What readers did not know at the time was that this “educational reading experience” was untrue and unreal. 

Peers of Sacks did question the fact that none of them was able to replicate his achievements with people suffering from specified conditions, but the dissenters were hardly heard: if you want to go up against a medical peer, it helps if they’re not a likeable household name all over the world, and a millionnaire to boot. 

So the neurologist’s reputation grew and grew. Until 2026, when it came to a shuddering halt and reversal.

Sacks now stands condemned, not just by medical figures who didn’t trust him, but by himself

 His correspondence and his journals are now in a Foundation, and it was there that the New Yorker found his confessions to fabrication (“fairy tales”) of anecdotal evidence and the guilt Sacks experienced as a result. Except — and this is significant — his diaries show the guilt taking second place to the excuses. He had to do the bad stuff to keep his own demons at bay. In other words, don’t blame me — my neurological disorder made me do it.

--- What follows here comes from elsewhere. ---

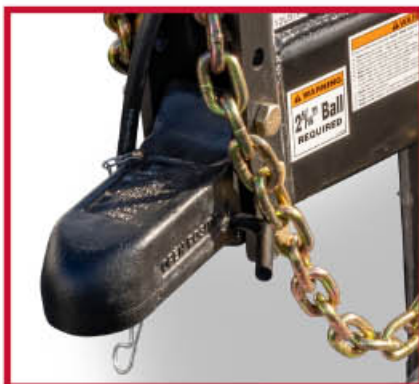
Choose from pintle or 2-5/16" ball hitch

No, it didn’t. This man knew what he was at while he was at it, and became rich, famous and beloved as a result. Each of his emerging books became an instant, continuing best-seller. That now presents his publishers and readers with a dilemma.

Some of us who cherished his books are now culling them. Into the charity shop box they went, this weekend. Although a doubt remains: does passing them on for a charity to make a euro apiece on them mean that we carry some guilt for spreading Sacks’s misinformation?

Perish the thought, but would burning the books be better?